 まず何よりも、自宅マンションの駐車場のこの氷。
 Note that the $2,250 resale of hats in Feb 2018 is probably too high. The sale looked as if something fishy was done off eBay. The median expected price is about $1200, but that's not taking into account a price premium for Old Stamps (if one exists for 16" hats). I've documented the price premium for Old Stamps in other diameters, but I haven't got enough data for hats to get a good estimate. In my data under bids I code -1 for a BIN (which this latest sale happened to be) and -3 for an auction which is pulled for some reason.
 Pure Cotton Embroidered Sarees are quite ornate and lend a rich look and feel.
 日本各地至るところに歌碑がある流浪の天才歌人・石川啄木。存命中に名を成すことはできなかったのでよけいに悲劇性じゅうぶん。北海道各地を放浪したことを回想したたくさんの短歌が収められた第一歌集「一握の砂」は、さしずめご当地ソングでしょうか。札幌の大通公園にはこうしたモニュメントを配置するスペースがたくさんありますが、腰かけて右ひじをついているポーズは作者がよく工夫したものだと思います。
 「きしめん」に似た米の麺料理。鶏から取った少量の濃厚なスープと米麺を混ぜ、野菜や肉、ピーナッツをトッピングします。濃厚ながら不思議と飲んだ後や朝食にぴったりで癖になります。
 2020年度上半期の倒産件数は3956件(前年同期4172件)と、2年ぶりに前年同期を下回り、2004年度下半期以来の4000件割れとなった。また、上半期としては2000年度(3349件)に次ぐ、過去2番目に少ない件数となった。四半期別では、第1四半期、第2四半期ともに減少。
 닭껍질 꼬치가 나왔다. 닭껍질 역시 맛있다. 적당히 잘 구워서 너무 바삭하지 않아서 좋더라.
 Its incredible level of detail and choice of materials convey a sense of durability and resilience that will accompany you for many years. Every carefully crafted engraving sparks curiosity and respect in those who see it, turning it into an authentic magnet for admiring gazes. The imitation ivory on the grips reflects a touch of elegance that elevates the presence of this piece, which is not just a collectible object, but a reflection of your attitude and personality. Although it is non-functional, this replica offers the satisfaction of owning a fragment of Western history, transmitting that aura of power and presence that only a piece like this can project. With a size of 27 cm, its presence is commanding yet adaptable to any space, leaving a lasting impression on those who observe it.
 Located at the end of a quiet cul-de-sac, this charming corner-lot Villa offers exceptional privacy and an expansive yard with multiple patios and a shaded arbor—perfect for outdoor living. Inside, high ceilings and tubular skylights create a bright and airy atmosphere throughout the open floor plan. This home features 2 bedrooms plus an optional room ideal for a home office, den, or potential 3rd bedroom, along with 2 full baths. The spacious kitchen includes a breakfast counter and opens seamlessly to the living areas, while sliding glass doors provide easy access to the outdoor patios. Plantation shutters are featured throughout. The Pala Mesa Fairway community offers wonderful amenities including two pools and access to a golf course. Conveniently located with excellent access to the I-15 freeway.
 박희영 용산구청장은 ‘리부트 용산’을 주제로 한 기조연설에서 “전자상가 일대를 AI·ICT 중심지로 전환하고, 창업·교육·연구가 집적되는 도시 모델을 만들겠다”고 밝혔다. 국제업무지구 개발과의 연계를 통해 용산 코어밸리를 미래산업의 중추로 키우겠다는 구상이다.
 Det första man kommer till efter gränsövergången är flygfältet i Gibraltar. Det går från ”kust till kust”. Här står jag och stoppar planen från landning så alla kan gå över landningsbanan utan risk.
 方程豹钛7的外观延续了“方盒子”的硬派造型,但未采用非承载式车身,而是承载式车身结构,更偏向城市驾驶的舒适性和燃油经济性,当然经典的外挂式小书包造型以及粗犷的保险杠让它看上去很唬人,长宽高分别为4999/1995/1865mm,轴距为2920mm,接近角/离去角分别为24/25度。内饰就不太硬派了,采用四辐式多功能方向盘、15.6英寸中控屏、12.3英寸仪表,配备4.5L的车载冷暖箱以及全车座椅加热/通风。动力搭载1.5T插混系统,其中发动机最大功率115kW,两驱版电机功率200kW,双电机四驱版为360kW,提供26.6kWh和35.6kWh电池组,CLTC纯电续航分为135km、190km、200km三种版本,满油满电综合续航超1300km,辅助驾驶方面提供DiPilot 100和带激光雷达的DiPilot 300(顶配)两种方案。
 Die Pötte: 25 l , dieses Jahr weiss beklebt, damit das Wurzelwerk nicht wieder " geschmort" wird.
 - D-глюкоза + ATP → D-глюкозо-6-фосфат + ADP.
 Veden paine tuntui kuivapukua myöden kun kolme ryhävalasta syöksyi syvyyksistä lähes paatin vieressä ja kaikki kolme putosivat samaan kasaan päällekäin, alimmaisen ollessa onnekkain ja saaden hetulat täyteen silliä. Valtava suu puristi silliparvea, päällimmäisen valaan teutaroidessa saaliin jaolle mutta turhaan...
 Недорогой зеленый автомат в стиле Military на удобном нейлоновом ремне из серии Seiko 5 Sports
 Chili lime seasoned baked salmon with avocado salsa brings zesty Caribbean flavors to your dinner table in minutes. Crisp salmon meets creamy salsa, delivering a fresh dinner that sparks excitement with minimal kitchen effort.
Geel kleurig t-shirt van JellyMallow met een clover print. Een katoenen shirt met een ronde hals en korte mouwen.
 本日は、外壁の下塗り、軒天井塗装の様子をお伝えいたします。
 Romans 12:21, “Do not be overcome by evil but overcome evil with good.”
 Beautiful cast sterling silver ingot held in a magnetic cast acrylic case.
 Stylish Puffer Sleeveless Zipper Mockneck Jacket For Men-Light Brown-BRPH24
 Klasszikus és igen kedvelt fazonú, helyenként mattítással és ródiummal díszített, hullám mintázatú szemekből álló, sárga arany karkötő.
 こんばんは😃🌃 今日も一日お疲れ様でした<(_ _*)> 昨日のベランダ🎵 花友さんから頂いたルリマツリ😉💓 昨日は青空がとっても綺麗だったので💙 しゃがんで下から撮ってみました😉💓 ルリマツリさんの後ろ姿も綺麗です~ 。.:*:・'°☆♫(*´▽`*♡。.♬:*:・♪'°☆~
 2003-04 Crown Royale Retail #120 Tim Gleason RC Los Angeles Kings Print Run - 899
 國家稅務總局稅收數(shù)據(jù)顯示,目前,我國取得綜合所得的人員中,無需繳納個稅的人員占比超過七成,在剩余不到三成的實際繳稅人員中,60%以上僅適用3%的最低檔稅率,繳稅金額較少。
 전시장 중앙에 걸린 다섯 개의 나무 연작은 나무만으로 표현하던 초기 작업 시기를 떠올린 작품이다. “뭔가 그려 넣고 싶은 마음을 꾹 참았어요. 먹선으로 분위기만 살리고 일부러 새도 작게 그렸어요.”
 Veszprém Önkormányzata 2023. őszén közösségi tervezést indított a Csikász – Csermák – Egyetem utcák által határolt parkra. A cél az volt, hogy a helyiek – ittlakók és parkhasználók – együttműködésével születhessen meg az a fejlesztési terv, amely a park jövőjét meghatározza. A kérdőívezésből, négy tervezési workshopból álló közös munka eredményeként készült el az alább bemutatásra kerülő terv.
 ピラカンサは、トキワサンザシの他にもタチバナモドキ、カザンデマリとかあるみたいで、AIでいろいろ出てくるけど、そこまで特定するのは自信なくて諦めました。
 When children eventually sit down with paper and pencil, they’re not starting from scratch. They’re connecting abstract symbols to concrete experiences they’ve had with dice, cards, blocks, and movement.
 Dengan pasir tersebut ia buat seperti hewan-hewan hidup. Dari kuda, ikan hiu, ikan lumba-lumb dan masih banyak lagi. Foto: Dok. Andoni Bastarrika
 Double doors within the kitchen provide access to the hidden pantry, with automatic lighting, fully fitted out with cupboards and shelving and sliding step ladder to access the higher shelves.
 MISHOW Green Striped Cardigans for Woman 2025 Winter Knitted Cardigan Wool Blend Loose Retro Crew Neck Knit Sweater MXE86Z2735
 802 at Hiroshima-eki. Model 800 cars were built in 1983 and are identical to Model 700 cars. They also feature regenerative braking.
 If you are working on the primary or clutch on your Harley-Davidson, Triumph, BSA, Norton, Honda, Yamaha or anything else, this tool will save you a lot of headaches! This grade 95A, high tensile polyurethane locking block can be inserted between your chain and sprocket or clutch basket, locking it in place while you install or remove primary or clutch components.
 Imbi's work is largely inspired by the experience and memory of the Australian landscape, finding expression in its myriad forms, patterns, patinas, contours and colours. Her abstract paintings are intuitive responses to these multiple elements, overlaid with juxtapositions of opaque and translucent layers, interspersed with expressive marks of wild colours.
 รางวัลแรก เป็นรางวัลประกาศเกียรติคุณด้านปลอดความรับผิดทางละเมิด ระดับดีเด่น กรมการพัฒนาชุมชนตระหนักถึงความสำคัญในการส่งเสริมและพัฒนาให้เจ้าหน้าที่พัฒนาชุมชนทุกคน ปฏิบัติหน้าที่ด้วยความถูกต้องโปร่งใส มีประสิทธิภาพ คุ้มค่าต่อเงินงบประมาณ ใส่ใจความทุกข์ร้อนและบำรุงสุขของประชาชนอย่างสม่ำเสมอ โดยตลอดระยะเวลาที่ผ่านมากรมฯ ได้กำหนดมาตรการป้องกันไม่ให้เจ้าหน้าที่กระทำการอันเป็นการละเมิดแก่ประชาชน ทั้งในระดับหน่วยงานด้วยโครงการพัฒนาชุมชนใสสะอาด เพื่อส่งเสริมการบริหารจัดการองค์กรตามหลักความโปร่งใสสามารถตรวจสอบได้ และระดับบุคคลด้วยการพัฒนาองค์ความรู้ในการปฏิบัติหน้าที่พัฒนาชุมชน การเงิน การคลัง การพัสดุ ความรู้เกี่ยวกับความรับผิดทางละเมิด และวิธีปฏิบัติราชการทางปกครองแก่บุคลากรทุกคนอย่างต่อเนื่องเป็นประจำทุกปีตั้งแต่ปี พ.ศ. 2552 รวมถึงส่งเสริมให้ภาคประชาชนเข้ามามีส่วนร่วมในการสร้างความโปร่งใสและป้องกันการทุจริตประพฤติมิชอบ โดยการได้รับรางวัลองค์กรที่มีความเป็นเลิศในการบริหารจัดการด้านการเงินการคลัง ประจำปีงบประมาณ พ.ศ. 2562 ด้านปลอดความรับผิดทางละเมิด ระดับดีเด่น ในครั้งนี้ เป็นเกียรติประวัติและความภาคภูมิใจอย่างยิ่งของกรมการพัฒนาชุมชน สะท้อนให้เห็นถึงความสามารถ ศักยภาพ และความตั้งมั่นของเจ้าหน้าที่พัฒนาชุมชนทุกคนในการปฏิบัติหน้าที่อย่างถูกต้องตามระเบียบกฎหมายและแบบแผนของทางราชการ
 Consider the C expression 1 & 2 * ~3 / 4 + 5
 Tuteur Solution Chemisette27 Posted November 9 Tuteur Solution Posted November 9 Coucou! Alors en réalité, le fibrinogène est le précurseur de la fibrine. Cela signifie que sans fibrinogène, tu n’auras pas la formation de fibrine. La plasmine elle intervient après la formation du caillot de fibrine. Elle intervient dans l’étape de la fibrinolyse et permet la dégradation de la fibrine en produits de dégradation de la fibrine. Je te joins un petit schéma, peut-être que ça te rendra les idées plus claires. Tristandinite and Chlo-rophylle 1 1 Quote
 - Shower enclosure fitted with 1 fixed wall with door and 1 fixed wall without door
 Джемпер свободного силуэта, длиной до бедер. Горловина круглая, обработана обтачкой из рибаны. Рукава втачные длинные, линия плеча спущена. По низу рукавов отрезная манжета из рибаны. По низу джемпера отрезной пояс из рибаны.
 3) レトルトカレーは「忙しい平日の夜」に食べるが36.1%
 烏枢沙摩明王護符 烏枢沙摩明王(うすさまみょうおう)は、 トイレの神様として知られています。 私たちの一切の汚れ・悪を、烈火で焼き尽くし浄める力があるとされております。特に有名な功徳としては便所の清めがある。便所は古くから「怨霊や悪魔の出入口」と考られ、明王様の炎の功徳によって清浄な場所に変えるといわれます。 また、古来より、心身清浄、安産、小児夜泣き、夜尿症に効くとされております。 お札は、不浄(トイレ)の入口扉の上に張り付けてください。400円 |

+===+

Everything above from the line containing "Note that the" down to the line containing "닭껍질 꼬치가 나왔다." is to be transcribed exactly, with both of those lines included and nothing else added.

 Note that the $2,250 resale of hats in Feb 2018 is probably too high. The sale looked as if something fishy was done off eBay. The median expected price is about $1200, but that's not taking into account a price premium for Old Stamps (if one exists for 16" hats). I've documented the price premium for Old Stamps in other diameters, but I haven't got enough data for hats to get a good estimate. In my data under bids I code -1 for a BIN (which this latest sale happened to be) and -3 for an auction which is pulled for some reason.
 Pure Cotton Embroidered Sarees are quite ornate and lend a rich look and feel.
 日本各地至るところに歌碑がある流浪の天才歌人・石川啄木。存命中に名を成すことはできなかったのでよけいに悲劇性じゅうぶん。北海道各地を放浪したことを回想したたくさんの短歌が収められた第一歌集「一握の砂」は、さしずめご当地ソングでしょうか。札幌の大通公園にはこうしたモニュメントを配置するスペースがたくさんありますが、腰かけて右ひじをついているポーズは作者がよく工夫したものだと思います。
 「きしめん」に似た米の麺料理。鶏から取った少量の濃厚なスープと米麺を混ぜ、野菜や肉、ピーナッツをトッピングします。濃厚ながら不思議と飲んだ後や朝食にぴったりで癖になります。
 2020年度上半期の倒産件数は3956件(前年同期4172件)と、2年ぶりに前年同期を下回り、2004年度下半期以来の4000件割れとなった。また、上半期としては2000年度(3349件)に次ぐ、過去2番目に少ない件数となった。四半期別では、第1四半期、第2四半期ともに減少。
 닭껍질 꼬치가 나왔다. 닭껍질 역시 맛있다. 적당히 잘 구워서 너무 바삭하지 않아서 좋더라.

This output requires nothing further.